## [The task]
Please return exactly the lines from the top of the data through the line that contains "1.1 右键对应的磁盘或者盘", and skip all pictures.

## [Supplied data]
= = = =

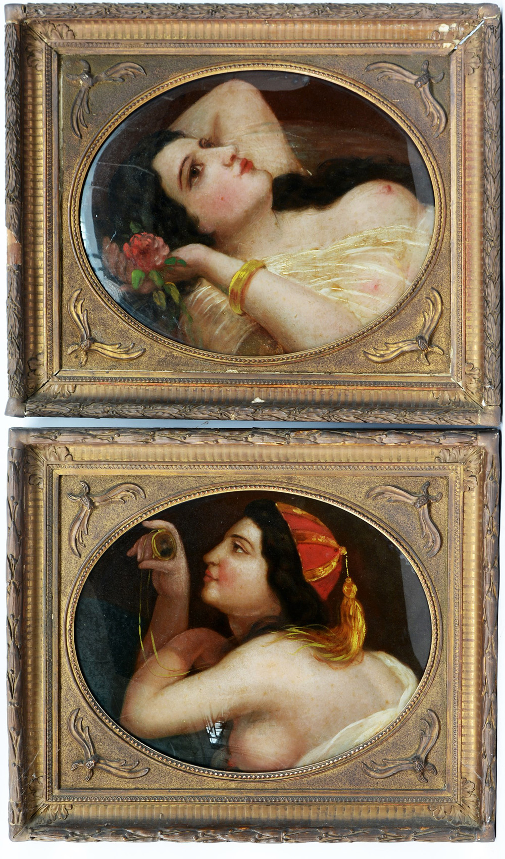 Ignoto del sec. XIX "Odalische" coppia di dipinti ad olio su tela ovale applicata su vetro (cm 28x46) in cornici (difetti)
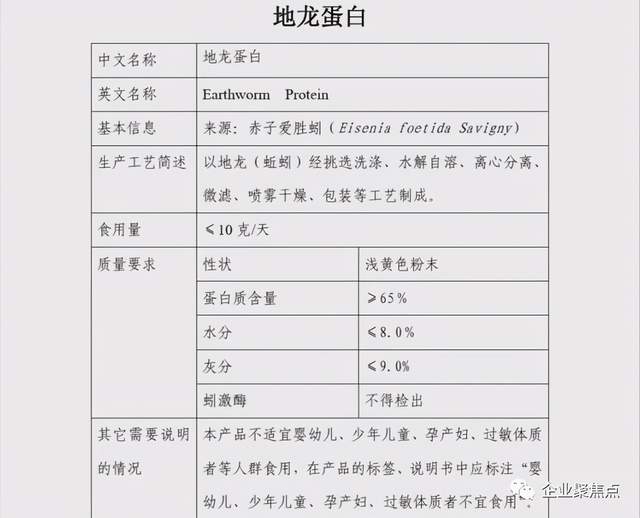 值得一提的是,据卫生部2009年第18号公告,地龙蛋白被批准为新资源食品,地龙(即蚯蚓)经挑选洗涤、水解自溶、离心分离、微滤、喷雾干燥、包装等工艺可制成地龙蛋白,每天使用量不能大于10克,并且对质量有严格要求:不得检出蚓激酶。
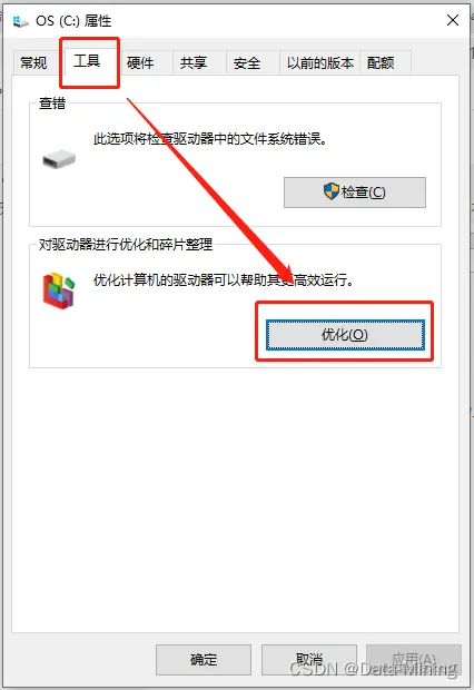 1.1 右键对应的磁盘或者盘符,比如C盘,选择“属性”,然后选择“工具”页签,如下图所示:
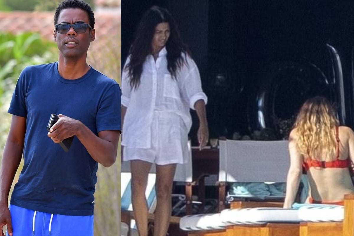 La publicación describe que Chris Rock viste una gorra, camisa oscura y pantalones cortos azules, mientras que Bell luce un bikini rojo con un sombrero. También se dice que la pareja está acompañada de Matthew McConaughey y Camila Alves.

= = = =

## [Task response]
 Ignoto del sec. XIX "Odalische" coppia di dipinti ad olio su tela ovale applicata su vetro (cm 28x46) in cornici (difetti)
 值得一提的是,据卫生部2009年第18号公告,地龙蛋白被批准为新资源食品,地龙(即蚯蚓)经挑选洗涤、水解自溶、离心分离、微滤、喷雾干燥、包装等工艺可制成地龙蛋白,每天使用量不能大于10克,并且对质量有严格要求:不得检出蚓激酶。
 1.1 右键对应的磁盘或者盘符,比如C盘,选择“属性”,然后选择“工具”页签,如下图所示:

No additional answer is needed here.